- Goal of the exercise:
Look below for the line with "இப்படி இனிய ஒலி"; begin the copy there and stop after the line with "for relaxing evenings.", keeping the text exact and the pictures out.

- Data extract:
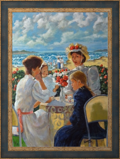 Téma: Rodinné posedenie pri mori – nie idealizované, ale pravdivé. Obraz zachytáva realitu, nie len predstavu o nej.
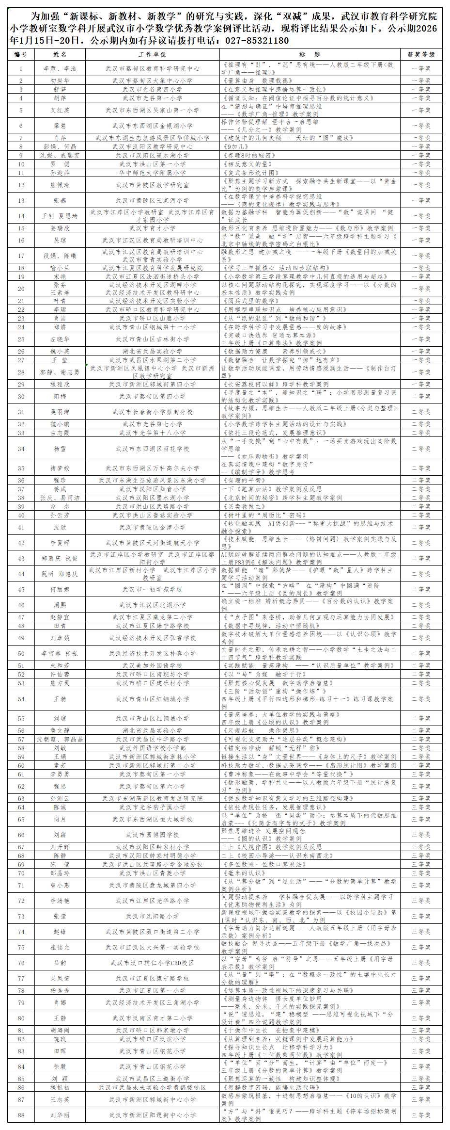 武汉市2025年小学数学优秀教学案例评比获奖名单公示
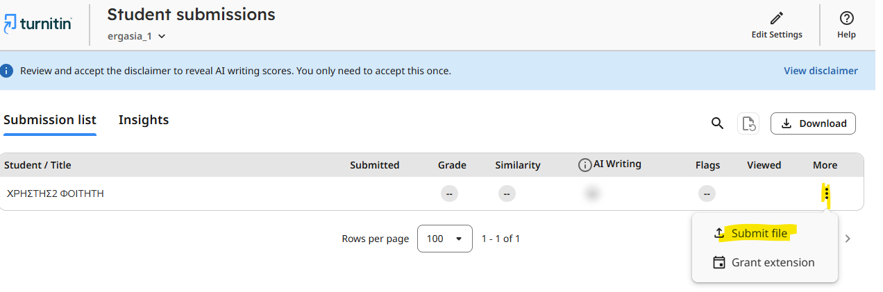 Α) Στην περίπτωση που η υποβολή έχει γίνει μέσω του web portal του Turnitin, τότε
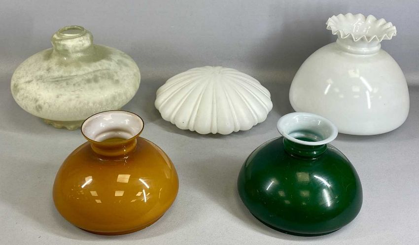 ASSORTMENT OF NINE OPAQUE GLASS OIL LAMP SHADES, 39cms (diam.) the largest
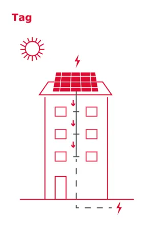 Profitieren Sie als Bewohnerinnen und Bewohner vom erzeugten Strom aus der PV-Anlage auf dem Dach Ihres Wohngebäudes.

* * *

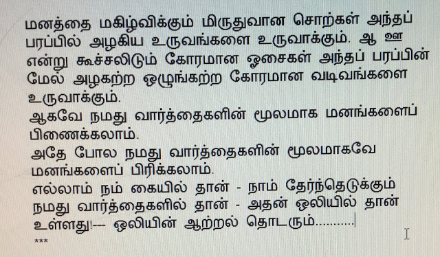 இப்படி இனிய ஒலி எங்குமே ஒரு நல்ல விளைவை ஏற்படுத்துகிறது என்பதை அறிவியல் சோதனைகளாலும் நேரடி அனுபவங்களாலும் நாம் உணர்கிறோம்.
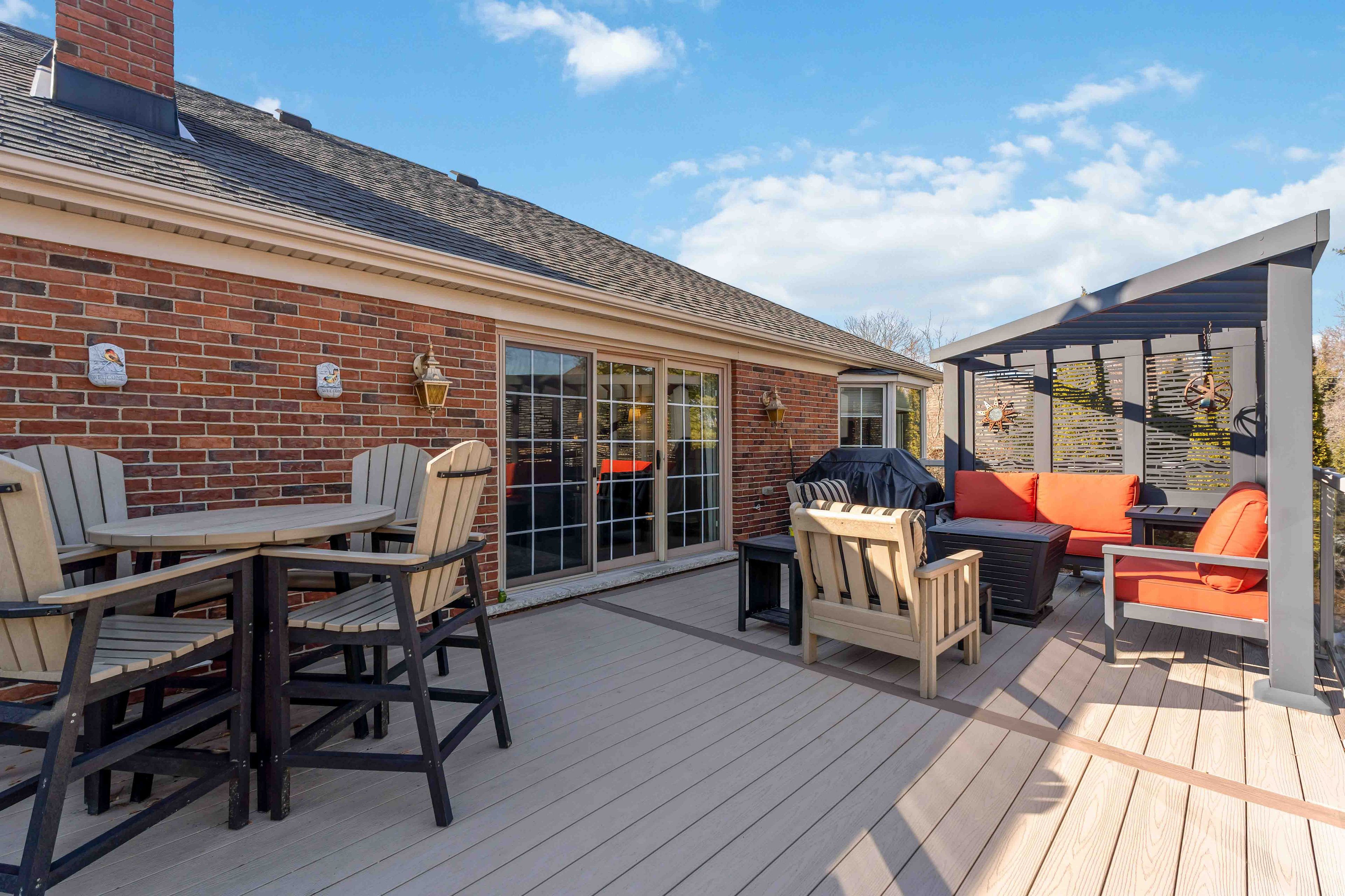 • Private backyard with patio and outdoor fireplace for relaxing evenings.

...

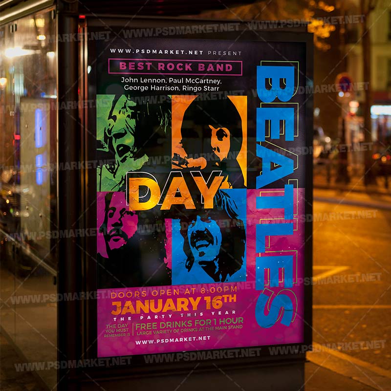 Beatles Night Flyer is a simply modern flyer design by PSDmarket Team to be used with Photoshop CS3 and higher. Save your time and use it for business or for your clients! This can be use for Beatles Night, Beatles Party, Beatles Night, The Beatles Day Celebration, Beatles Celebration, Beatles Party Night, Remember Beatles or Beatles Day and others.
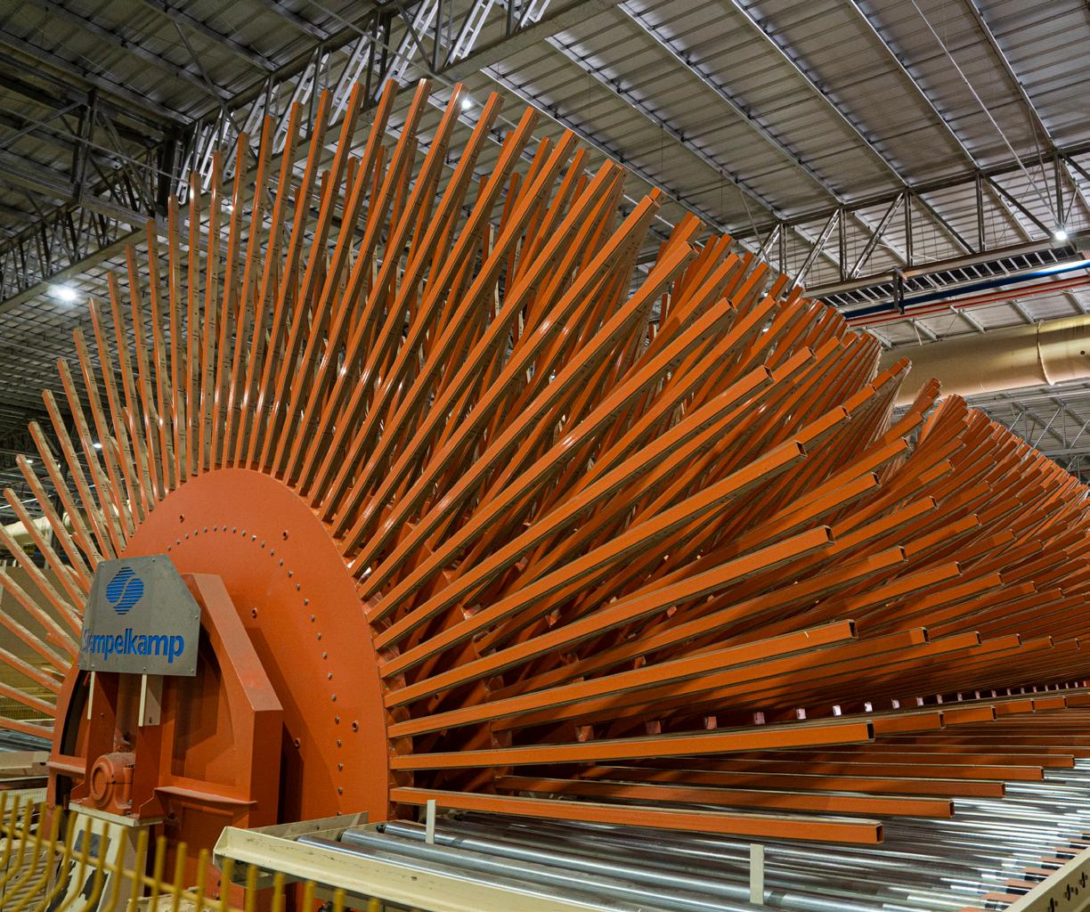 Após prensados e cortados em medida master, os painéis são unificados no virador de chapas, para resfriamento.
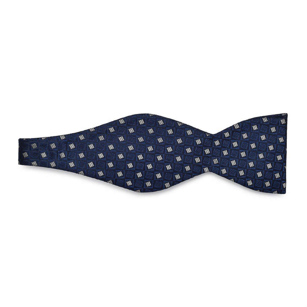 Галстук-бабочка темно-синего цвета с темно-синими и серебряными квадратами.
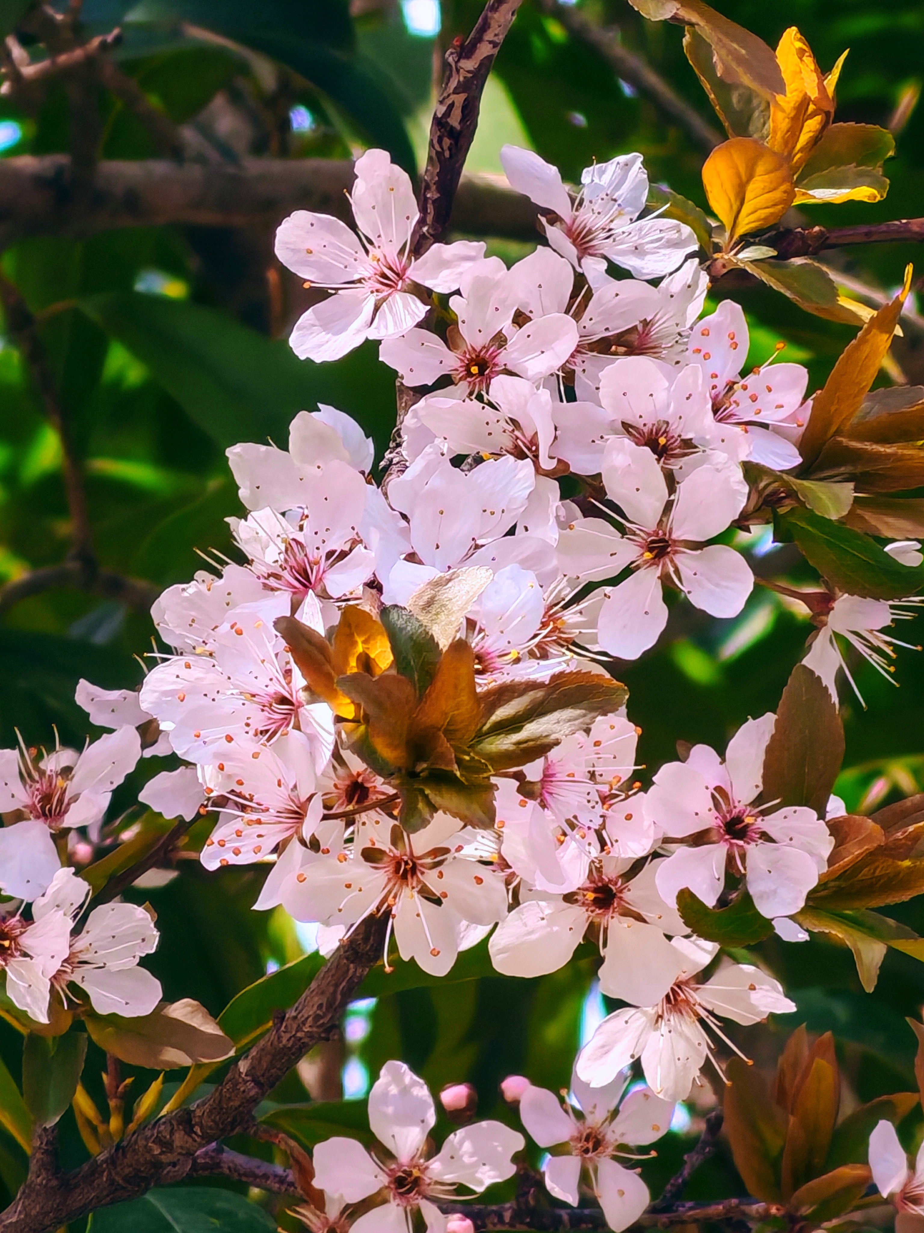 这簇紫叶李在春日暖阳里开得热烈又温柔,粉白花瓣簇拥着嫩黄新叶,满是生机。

- Answer for the task:
 இப்படி இனிய ஒலி எங்குமே ஒரு நல்ல விளைவை ஏற்படுத்துகிறது என்பதை அறிவியல் சோதனைகளாலும் நேரடி அனுபவங்களாலும் நாம் உணர்கிறோம்.
 • Private backyard with patio and outdoor fireplace for relaxing evenings.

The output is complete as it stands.